Last night we had our second meeting of the new discussions I'm holding, called Through a Glass Darkly. It went exceedingly well; I wrote at some length about what we discussed.

I've also hosted an internal debate about whether to continue writing publicly in December, and if so, the frequency at which I ought to post. November's barrage, though not always great, led to six articles of reasonable interest, and I imagine there's an inevitable ratio of chaff to wheat that mandates a minimum amount of writing. What I mean is that if I'm not writing all the time, it's unlikely I'll write anything worthwhile. And while I write every day for myself, what I write in a journal is not as polished as what I write for the consumption of a public, however potential, however small. I've spoken to someone else who wrote publicly every day for three years, and he reported that it massively increased his ability to have ideas.

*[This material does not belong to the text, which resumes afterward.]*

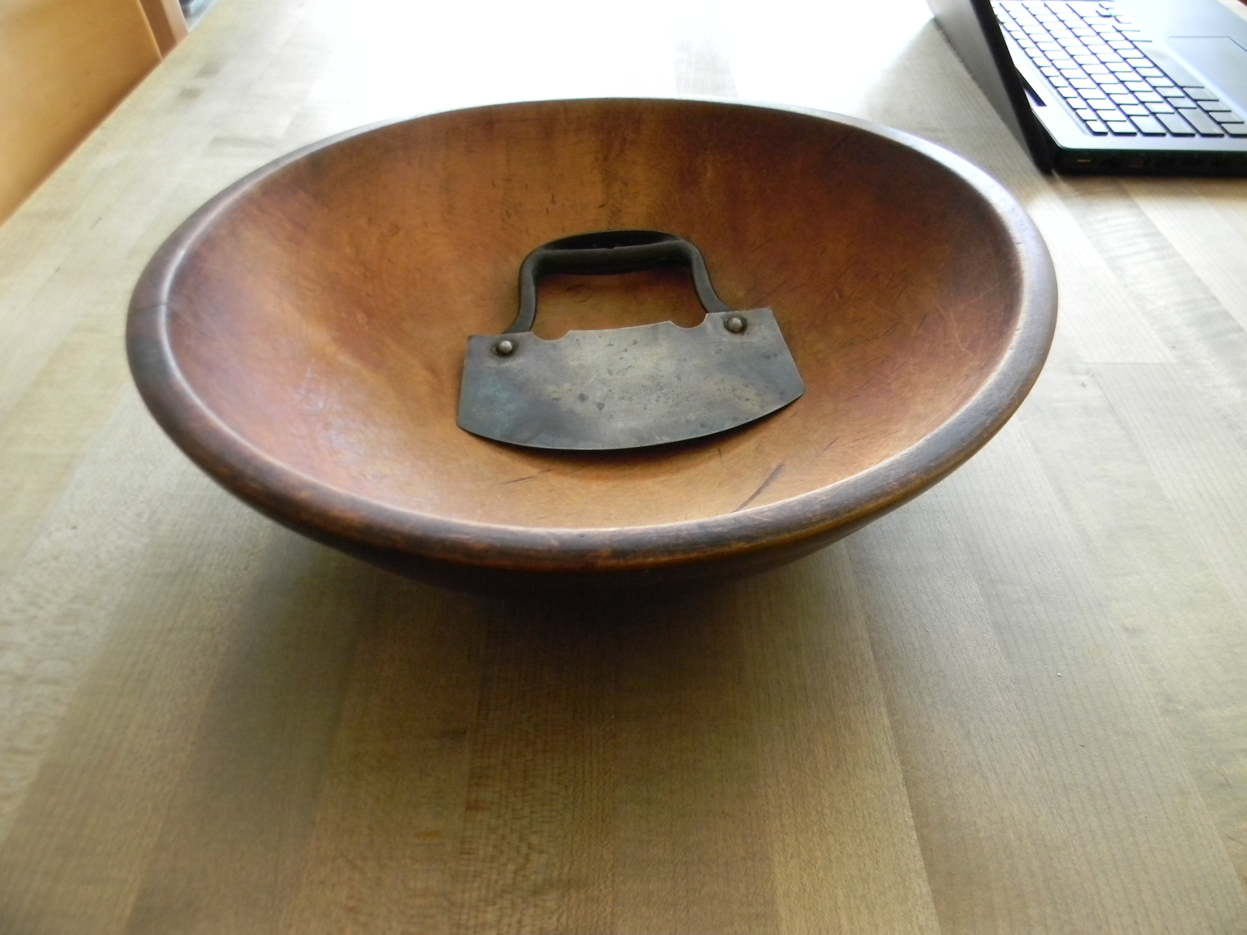 Third, my grandmother’s liver bowl and chopping blade.   She made the best chopped  chicken liver and taught me how to make it.  This is the bowl and blade she made it with, and I claimed it when she died.  After all, I am the only one left who knows the recipe.  Unfortunately, now that we know about such things as high cholesterol, liver is a no-no, and schmaltz (rendered chicken fat) is definitely taboo.  I haven’t used this bowl for many years now.  What I wouldn’t give for a chopped chicken liver sandwich on rye with a big slice of red onion.  Anyway, the bowl and blade are ancient, so what do you think I could get at auction for them?  The liver smell is completely gone.  I swear.

Whether having ideas is my goal is another question; I would have said that improving writing quality was primary, possibly exclusive, though I wonder whether that goal isn't inconsiderate to both ideas and to readers. In any case, I'm considering reducing the frequency to twice or thrice a week, at least for December, to see how it goes. I don't think this can be too injurious, though I'm mildly wary of committing at all in December. California is normally placid, though for me not complacent, but I'll have my family to be with, and wouldn't like to add any undue stress, or to detract from our time together. Then again, it's always lazier than London, and maybe I ought to make the most of the languor and hours, and put my mind at least partially to work.

I have mixed feelings about digital versus analogue as well. I've piled up notebooks over the years; they make me fear fire followed by tears. The digital word, ironically, is now more durable than its more concrete counterpart, but the public remnants are more embarrassing—and perhaps less poignant—than the private print, the secretive scrawl of the laboriously written word.

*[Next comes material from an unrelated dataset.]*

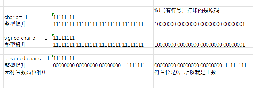 但是还有一个问题,最后我要输出的结果的占位符是"%d",打印的是十进制数字,所以我们还要进行"整型提升",整型提升补的是符号位

When I write longhand, I also write more verse. On the one hand, I love the liberty of metre's strictures. On the other, there's no demand for it now, little place for it today, unless, I suppose, one writes songs. Then one seems either to write for dozens of indistinguishable performers, or to be a singer songwriter of one's own, and I am neither, none. Meanwhile poetry itself, insofar as I have seen, has lost not just the plot but the verse to boot, leaving it little life, and worsening the uncertain state of an anachronistic artform.